ToT Literasi Digital dengan Metode KAP: Mencari Simpul Bermakna – “Pilih satu orang yang belum pernah berinteraksi,” Mbak Kiky (Rizky Ika Syafitiri) – master trainer dari Unicef Indonesia menginstruksikan kami untuk memilih pasangan untuk berlatih salah satu cara membangun keakraban/hubungan dengan cepat, yaitu mencari simpul.
Di sebelah kiri saya duduk Pretty Theresya Danda, dari Mitra Muda Unicef yang menjadi wakil BaKTI (Bursa Pengetahuan Kawasan Timur Indonesia). Saat menoleh ke kiri mencari pasangan, saya bertatapan dengan Pretty dan langsung mengajaknya, “Yuk!”
Kami langsung
mempraktikkan poin-poin yang telah disampaikan oleh Mbak Kiky dalam membangun
keakraban, yaitu: mendengarkan dengan baik ketika lawan bicara sedang
menjelaskan, menggunakan bahasa nonverbal yang nyaman (kontak mata, ekspresi,
intonasi), dan mengucapkan nama.
Tugas dalam “mencari
simpul” ternyata tak sederhana. Kami harus mencari kesamaan di antara kami namun
bukan sekadar kesamaan, diminta oleh Mbak Kiky untuk mencari kesamaan yang bermakna.
Nah, di sini tantangannya.
Usia Pretty jauh di bawah
usia saya. Anak sulung saya bahkan lebih tua setahun darinya. Fun fact pertama
ini saja sudah mengisyaratkan tak mudah mencari simpul antara saya dengan
Pretty … tapi ini justru tantangan yang menarik.
Pretty berasal dari Tana Toraja
dan sedang kuliah di Universitas Hasanuddin. Sampai di sini, persamaan kami
hanyalah bahwa saya pernah kuliah di Unhas.
Tentu saja hal itu bukan simpul yang “bermakna” karena kami berbeda jurusan/program
studi. Selain itu, saya punya sejumlah kawan yang juga berasal dari Toraja namun
sekali lagi, fakta ini bukanlah hal bermakna yang bisa menjadi simpul di antara
kami.
Ketemu Juga
Simpulnya …
“Apa ya persamaan kita?”
pertanyaan retorika ini dua kali saya lontarkan kepada Pretty sembari terus
menggali tentangnya. Pretty pun terus menggali informasi tentang diri saya.

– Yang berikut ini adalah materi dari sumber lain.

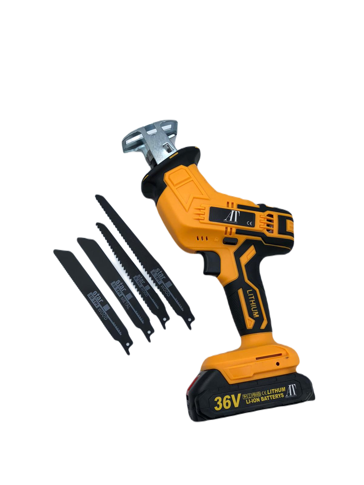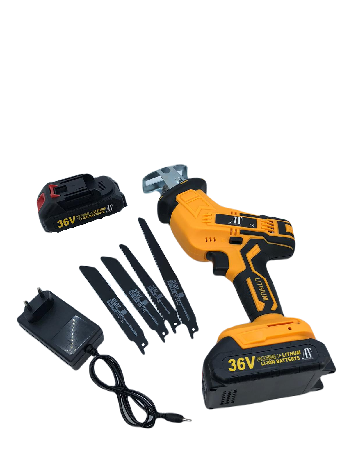 Fierastrau sabie, AT PERFORMANCE®, 3000 RPM DE 36V, 2 Baterii, 4 Panze, led iluminare, ABS/Metal.

Tadinya saya pikir bisa mencari simpul bermakna melalui orang tua Pretty namun
rupanya tidak bisa juga karena kedua orang tuanya sekarang ada di Toraja.
Keduanya pernah kuliah di Unhas tetapi dari FKM dan Faperta sedangkan saya dari
Fakultas Teknik.
Akhirnya setelah Pretty
dan saya cukup panjang bercerita tentang diri kami masing-masing, saya menjadi
tahu gadis ini suka topik parenting – sebuah benang merah yang menarik
karena parenting merupakan salah satu topik yang saya tulis di blog ini.
Di samping itu, saya jadi tahu juga bahwa mahasiswi angkatan 2020 ini suka bidang self development dan psikologi …waah cocok nih, kedua kesukaan Pretty ini menjadi benang merah berikut antara saya dengan Pretty. Akhirnya ketemu juga deh simpul bermakna kami. 😅💦
Hari 1 ToT
Literasi Digital dengan Pendekatan Metode KAP
Hari pertama Training of Trainer (ToT) Literasi Digital
dengan Metode KAP (Komunikasi Antar Pribadi)yang berlangsung tanggal 3 Meilalu di Hotel Melia
berlangsung menyenangkan. Saya merasakan vibrasi positif dari para peserta.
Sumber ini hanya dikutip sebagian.